January 18, 2014

The Square Review



            Netflix made a major splash when it received 14 Emmy nominations this past summer.  It was regarded as a major turning point in Emmy Awards history as it became the first non-television entity to gain nominations in major categories.  Yet despite the Oscars being considered a more important awards ceremony than the Emmys, Netflix didn’t receive much publicity at all for also grabbing an Oscar nomination.  That’s right the Netflix owned The Square received an Oscar nomination this past Thursday in the Best Documentary Feature category.  It was a major coup for Netflix as it is trying to create a documentary slate that can go toe to toe with HBO (which received 0 nominations in the Documentary Feature category despite having multiple films shortlisted).  Upon viewing The Square it is easy to see why the film garnered an Oscar nomination.  It covers in detail a major world event that doesn’t get much coverage in the United States (most likely due to our own government’s connections with some of the antagonists of this film): the revolution in Egypt.  Unfortunately for the film, the slow pace of the revolution also ends up influencing the pace of the film as the 95-minute film easily feels like it is over two hours long.  While The Square certainly has a lot of important things to say, the film as a whole can get tiresome.
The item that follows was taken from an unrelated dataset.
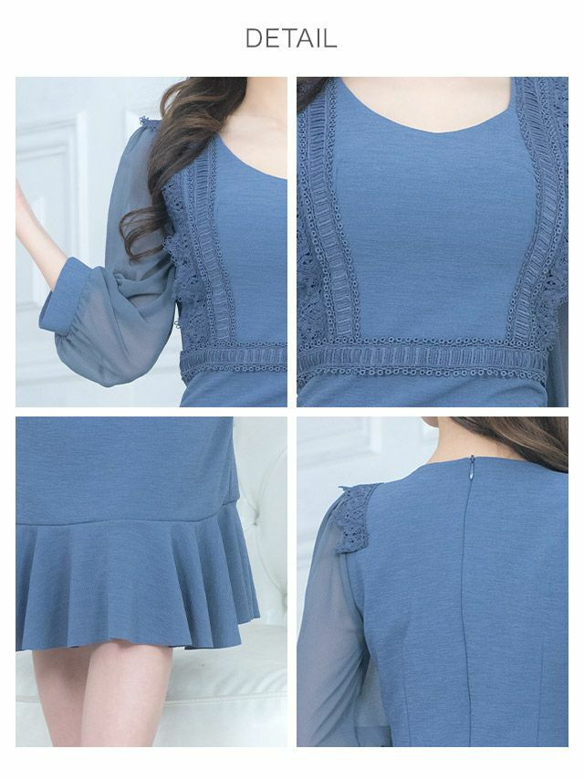 レースふんわりシアー袖ありギャザー裾フリル膝丈タイト韓国ドレスのカラーバリエーション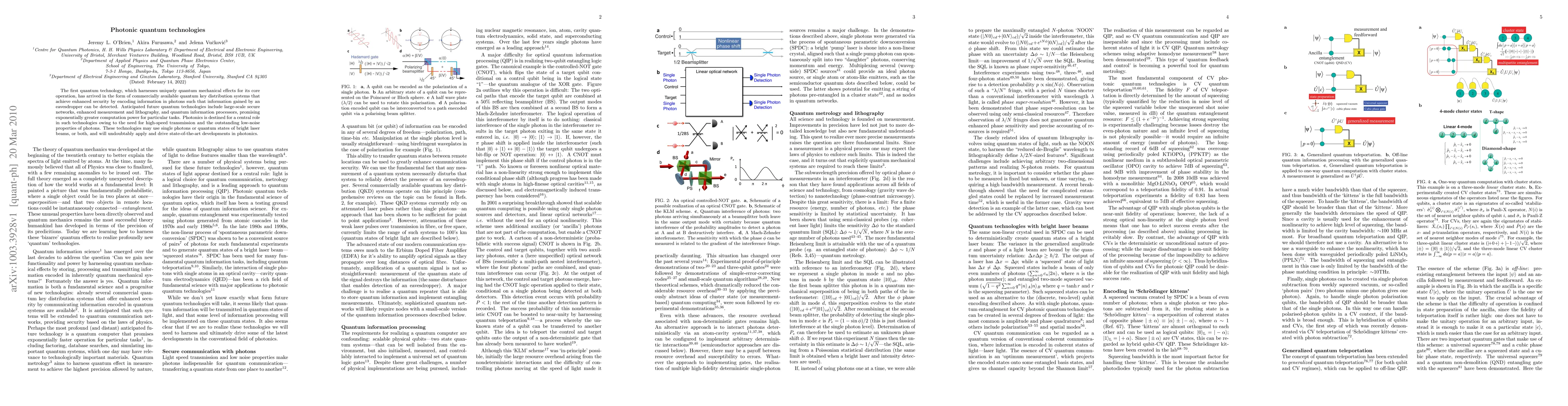 The first quantum technology, which harnesses uniquely quantum mechanical effects for its core operation, has arrived in the form of commercially available quantum key distribution systems that achieve enhanced security by encoding information in photons such that information gained by an eavesdropper can be detected. Anticipated future quantum technologies include large-scale secure networks, enhanced measurement and lithography, and quantum information processors, promising exponentially greater computation power for particular tasks. Photonics is destined for a central role in such technologies owing to the need for high-speed transmission and the outstanding low-noise properties of photons. These technologies may use single photons or quantum states of bright laser beams, or both, and will undoubtably apply and drive state-of-the-art developments in photonics.

            The Square follows The Egyptian Revolution as it grows in Tahrir Square.  While success comes early with the ousting of President Mubarek, protestors continue their fight in the square against the Egyptian military and the Muslim Brotherhood.  The film is directed by Jehane Noujaim (a documentarian who focuses on issues in the Middle-East).

            Egypt has been through a rough few years as it has gone through three regime changes in quick succession.  This film makes that perfectly clear, and it goes to show you how messy and turbulent the changes within the country have been.  The problem with this is that film also becomes messy and overlong itself.  It’s great to see the rise of the protesters in Tahrir Square, but then we are just shown scenario after scenario being played out over and over again.  It gets quite cumbersome, and ultimately hinders the fascinating and important narrative that this film was made to show.

            The Square is ultimately probably the best and most in-depth portrayal of the Egyptian Revolution, and some of the scenes of the Revolution captured in this film are awe-inspiring.  Yet it still suffers from being tediously overlong.